# Timing Gear Eccentric Lobe Play



## McManusGTO (Dec 18, 2020)

HI All

I am installing a new fuel pump eccentric on the camshaft timing gear and there seems to be too much play. Please look at the pictures and if anyone could guide me if this is correct for my Pontiac.












































Thank you in advance.


----------



## Old Man Taylor (May 9, 2011)

There will be play on the outside piece. It should rotate.


----------



## McManusGTO (Dec 18, 2020)

Do you know what the tolerance should be between the outer shell of the eccentric and the block?


----------



## PontiacJim (Dec 29, 2012)

McManusGTO said:


> Do you know what the tolerance should be between the outer shell of the eccentric and the block?

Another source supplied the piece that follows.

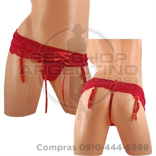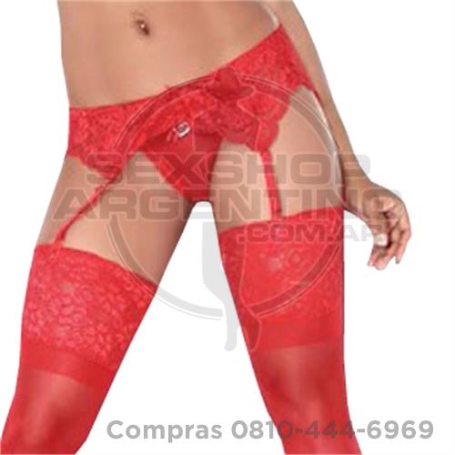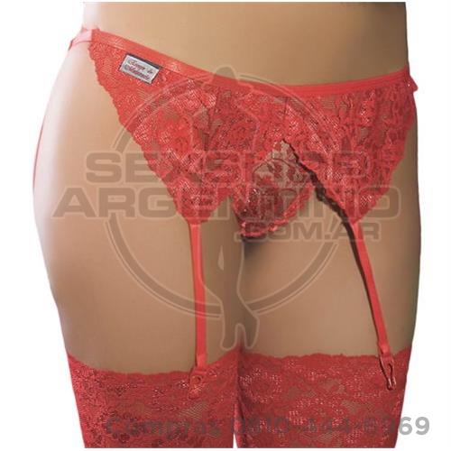 portaligas con puntilla y lycra rojo

There is no tolerance. As pointed out by *OMT*, the outer ring has to be free to spin on the center ring which gets torqued down. The fuel pump arm sets on top of the outer ring. The arm is narrower then the ring, so no worry of it slipping off to the side.


----------



## McManusGTO (Dec 18, 2020)

Pontiac Jim,

*THANK YOU.*


----------



## McManusGTO (Dec 18, 2020)

Old Man Taylor said:


> There will be play on the outside piece. It should rotate.


OMT 
*THANK YOU!*


----------